- Born: Dorothy Cole 16 January 1929 Dublin, Ireland
- Died: 8 December 2002 (aged 73) Dublin, Ireland
- Occupation: Art Critic
- Spouse: Robin Walker
- Children: 5, including Corban Walker

= Dorothy Walker (critic) =

Irish art critic (1929–2002)

Dorothy Cole Walker (16 January 1929 – 8 December 2002) was an Irish art critic and a vocal champion of abstract modernism in Ireland.

==Early life and education==
Dorothy Cole was born in Dublin in 1929, the daughter of Walter and Moira Cole, who the owned a fruit and vegetable business. She lived in Mountjoy Square, Dublin, and was educated in the Dominican Convent Wicklow and École du Louvre in Paris.

== Career ==
Walker began her career in arts journalism, as an editorial assistant at the Paris office of The New York Times.
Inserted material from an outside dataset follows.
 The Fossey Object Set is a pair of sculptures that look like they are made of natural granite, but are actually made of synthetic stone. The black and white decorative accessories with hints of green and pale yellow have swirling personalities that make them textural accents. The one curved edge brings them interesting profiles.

In Dublin, Walker was assistant to architect Michael Scott from 1952 to 1956, and managed a design business.' She was an art critic for Radio Éireann from 1963 to 1967, and for Hibernia from 1967 to 1977. She wrote an art column for the Irish Independent in 1986 and 1987.

In 1967, she was a co-founder of the occasional modern art exhibition Rosc. She was a board member and even an interim director of the Irish Museum of Modern Art. She curated several exhibits and published several books on art, which included a rare but much admired discussion of contemporary Irish art. "She made a vigorous and at times explosive contribution to the careers of painters and the judgements of their critics," wrote her colleague Bruce Arnold in an obituary.
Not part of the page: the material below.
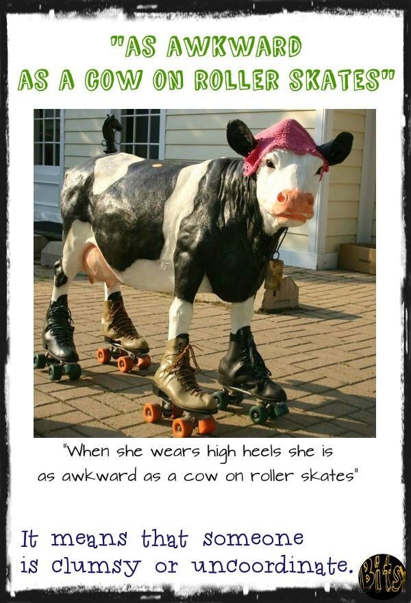 Hi, guys 👋 Сегодня мы с вами выучим ещё одну очень интересную идиому! Как вы думаете как сказать, что вам очень неудобно/ очень неловко? В русском языке есть такая фраза "как корова на льду⛸️", в английском же будет почти также, только как "🐄 на роликовых коньках " 🔸️as awkward as a cow on roller skates Пример использования: Jane isn't a much of a dancer, and she was as awkward as a cow on roller skates when Jim invited her. (Джейн не очень хороший танцор, она была неуклюжа, как корова на роликах, когда Джим пригласил ее). ТГ канал с полезностями:

== Personal life and legacy ==
Cole married Michael Scott's professional partner, architect Robin Walker, in 1961; they had five children. Her husband died in 1991, and she died in 2002, at the age of 73, in Dublin. After her death the Irish Museum of Modern Art held an exhibition in her honour, featuring work by artists such as Patrick Scott and Sean Scully, whom she particularly favoured. Her son Corban Walker is a noted sculptor, who acknowledges his parents' work as influential in his own career.

==Bibliography==
- Modern art in Ireland (Dublin: Liliput 1997) ISBN 1-874675-96-1
- Michael Scott, Architect in (casual) conversation with Dorothy Walker (Kinsale: Gandon Editions 1995)
- Without the Walls: John Aiken, James Coleman, Felim Egan, Brian King, Ciaran Lennon, Alanna O'Kelly, Michael O’Sullivan, Nigel Rolfe, Noel Sheridan (London: ICA 1980)

==Sources==
- Caoimhín Mac Giolla Léith (2003) Dorothy Walker 1929–2002. CIRCA 103.